▶ [TASK GOAL] With the pictures removed, write out the data below exactly.

▶ [DATASET EXTRACT]
BEGIN
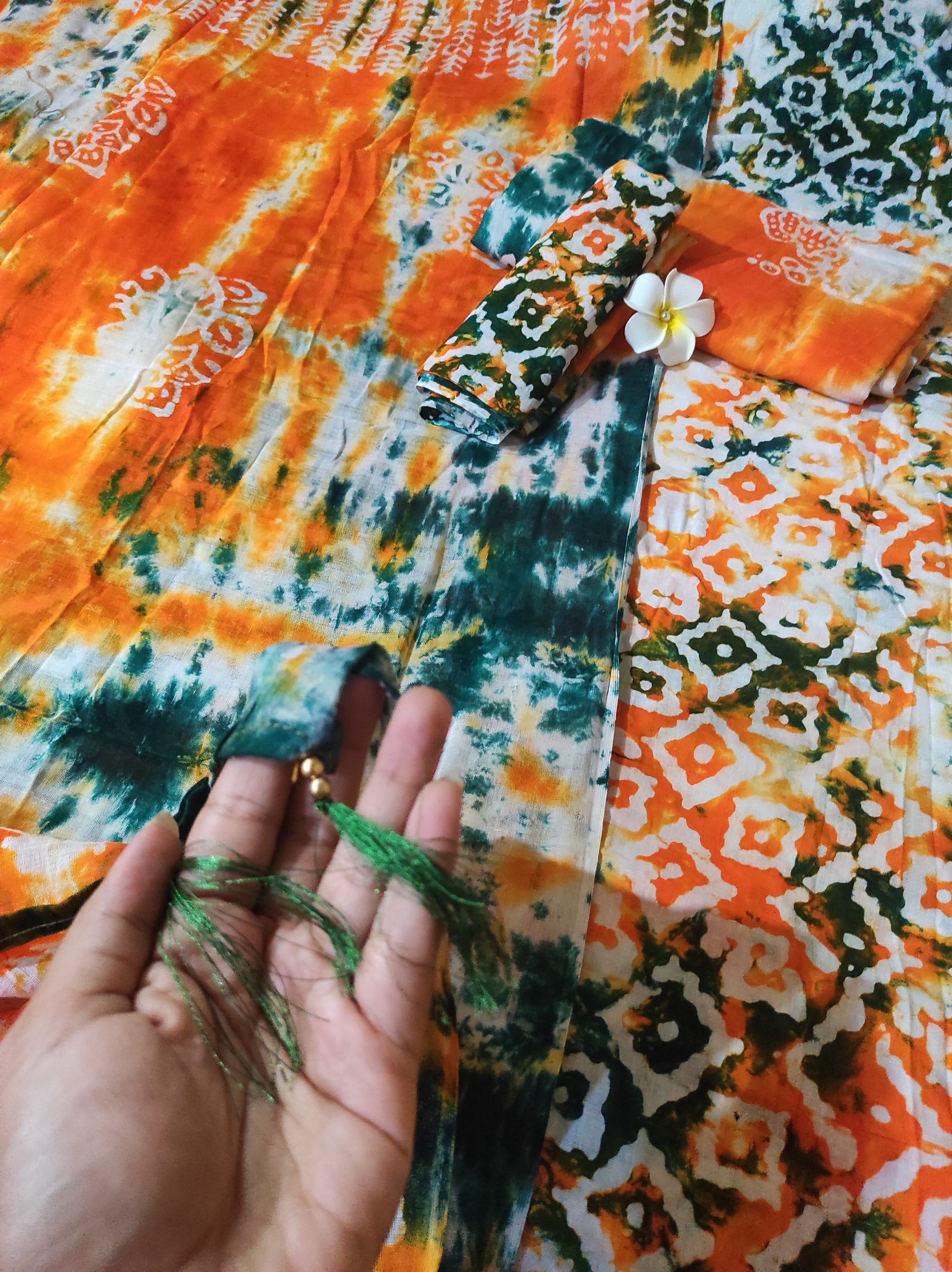Description: Batik on voile cloth. Combinations of orange, green and white. A dress that is much more colorful.
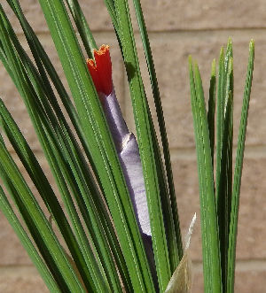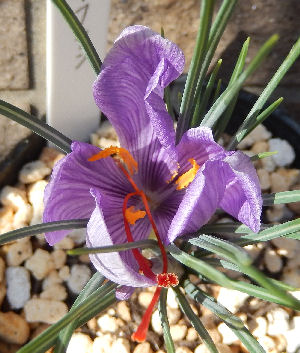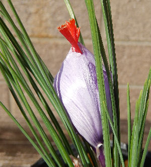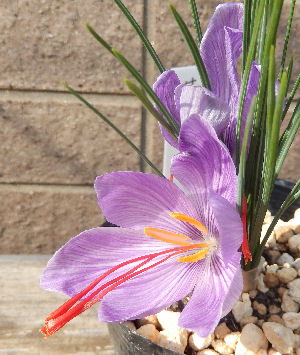 蓼科で地植えサフランが咲いていたのに大阪に戻ると全然気配無し.それで日なたに置いたところ突然花芽が出現,そして数日で開花.やはり太陽は偉大.
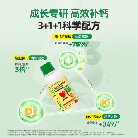 【自营】ChildLife童年时光大白瓶 儿童婴儿钙镁锌口服液体钙*2瓶
END
▶ [FINISHED TASK]
Description: Batik on voile cloth. Combinations of orange, green and white. A dress that is much more colorful.
 蓼科で地植えサフランが咲いていたのに大阪に戻ると全然気配無し.それで日なたに置いたところ突然花芽が出現,そして数日で開花.やはり太陽は偉大.
 【自营】ChildLife童年时光大白瓶 儿童婴儿钙镁锌口服液体钙*2瓶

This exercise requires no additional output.